I don’t think I’ve ever met anyone this serious about pizza.
Percy even has a wood-burning pizza oven at his home, for when inspiration hits in the middle of the night. What’s unique about YOLO, is the fact that you can choose from a variety of crusts – sundried tomato and rosemary, olive, sourdough or whole-wheat, as well as bases – peppadew, tomato and chilli or mushroom pesto. I cannot even properly explain how good this pizza is. I equate the crust to the pizza version of pastry – flaky, not chewy. Crisp, not soggy – even in the centre. I opted for the Pizza Boscondo “All” Lombardi, R84, coarsely chopped onions, mushrooms, fresh cream, parsley, thyme, ground black pepper, sea salt, smoked mozzarella shavings and grated parmigiano reggiano. I’ve been fantasising about it ever since and have already circulated the menu to my colleagues for our next Friday office lunch (YOLO delivers within a 5km radius of Melville).

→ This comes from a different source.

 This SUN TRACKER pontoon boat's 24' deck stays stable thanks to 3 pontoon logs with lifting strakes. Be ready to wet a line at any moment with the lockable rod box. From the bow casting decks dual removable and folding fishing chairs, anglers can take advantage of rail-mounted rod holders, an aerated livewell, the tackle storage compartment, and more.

Open: Monday to Sunday, lunch and dinner. Address: 2 7th Street, Melville. Contact: 011 482 7016. Visit www.yolopizza.co.za
For upmarket Italian cuisine:
I firmly believe that the ambience of a restaurant is just as important as the food, and this is something La Luna has perfected. Large glass windows create an indoor/outdoor feel, complemented by soft lighting and perfectly spaced tables. Portions are relatively small, so you’ll definitely be able to handle a three-course meal, which is all the better because the food is just sublime. The restaurant’s two chefs, Claus and Linda, have travelled the world, cooking up a storm in fine dining establishments everywhere from London to Shanghai. Pasta is made in house, with ravioli, agnolotti and tortellini all being produced manually on a daily basis. To start, try the Panzanella, Tuscan-style bread salad with fresh fennel, tomato and fior di latte mozzarella, R85. The restaurant prides itself on its Pumpkin Ravioli, R85, served with brown butter, pine kernels and amoretti. I tried the Prawn Ravioli in lobster bisque, R160, the flavour of which was explosive. Dessert didn’t disappoint, try the Tiramisu Semifreddo, R60, which is like tiramisu and ice cream in one – the best of both.

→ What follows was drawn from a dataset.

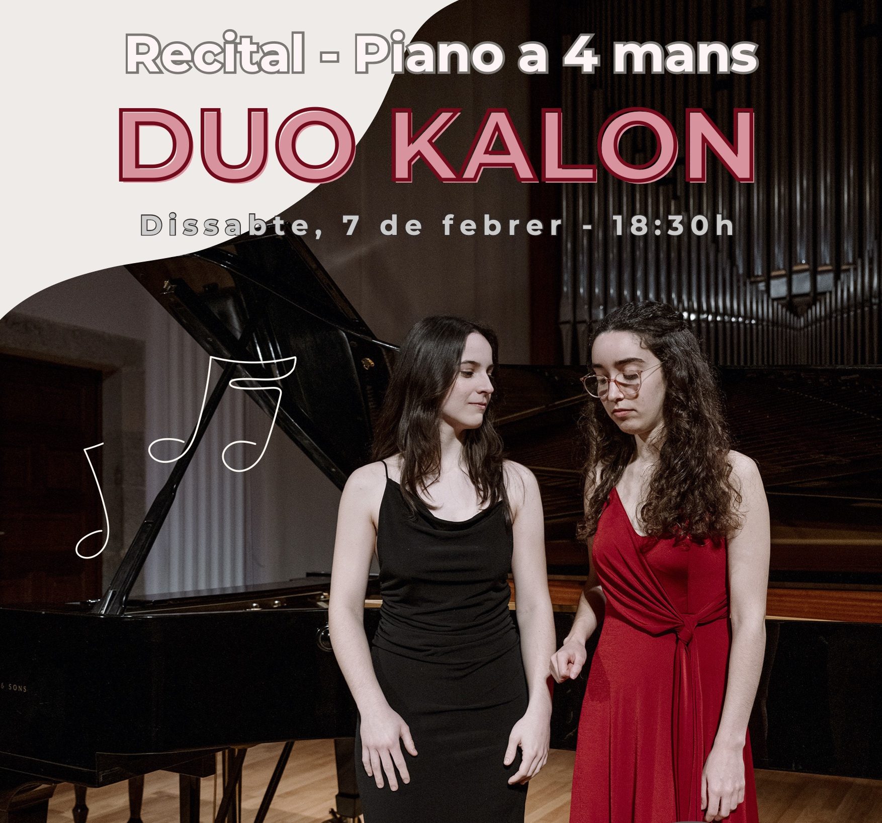 El Duo Kalon ha estat guanyador al 2025 del Xè Concurs Internacional de Piano “Gran Klavier ” Ciudad de Alcalà i el premi al millor Duo de Música de Cambra Isolda-Asociación Cultural Gran Klavier. El Duo està format per les pianistes Carmen Vilanova i Alba Linares. En aquest Concert interpretaran obres de Francis Poulenc, Maurice Ravel, Claude Debussy, Albert Guinovart, Enric Granados i Manuel de Falla.

Open: Monday dinner only, Tuesday to Saturday: lunch and dinner. Closed Sunday Address: 9 7th Street, Melville. Contact: 011 482 7451. Visit www.laluna-melville.co.za
For quirky bistro-style dining:
In terms of ambience, this restaurant’s large outdoor deck is a winner. We tried it out on a Friday night, and took the last table in sight. Clearly popular, I had high expectations and was left disappointed, but I think that may have been bad menu choices.

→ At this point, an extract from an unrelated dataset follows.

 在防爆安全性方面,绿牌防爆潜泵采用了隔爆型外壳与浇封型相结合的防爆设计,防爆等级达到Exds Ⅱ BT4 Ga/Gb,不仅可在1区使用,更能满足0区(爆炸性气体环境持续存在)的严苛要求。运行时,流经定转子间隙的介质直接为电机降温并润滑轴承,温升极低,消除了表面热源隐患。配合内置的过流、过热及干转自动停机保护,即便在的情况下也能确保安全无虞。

We devoured the soft, slightly sweet bread on the table, which was probably my favourite part of the meal. For starters, I had the salt and pepper calamari, deep fried and served with Japanese mayo, R50,while my husband went for the fresh salmon and lime cake, R60. I found my dish a bit chewy and lacking in flavour, while the salmon cake was surprisingly small. For mains, the springbok pie, R80, had potential, but was spoiled by the fact that it was drowned in gravy, which made the pastry soggy. The chickpea patty in whole-wheat pita, R70, was mushy and not enjoyable. That said, service was excellent and so was the vibe, so I’ll definitely be back to try other dishes.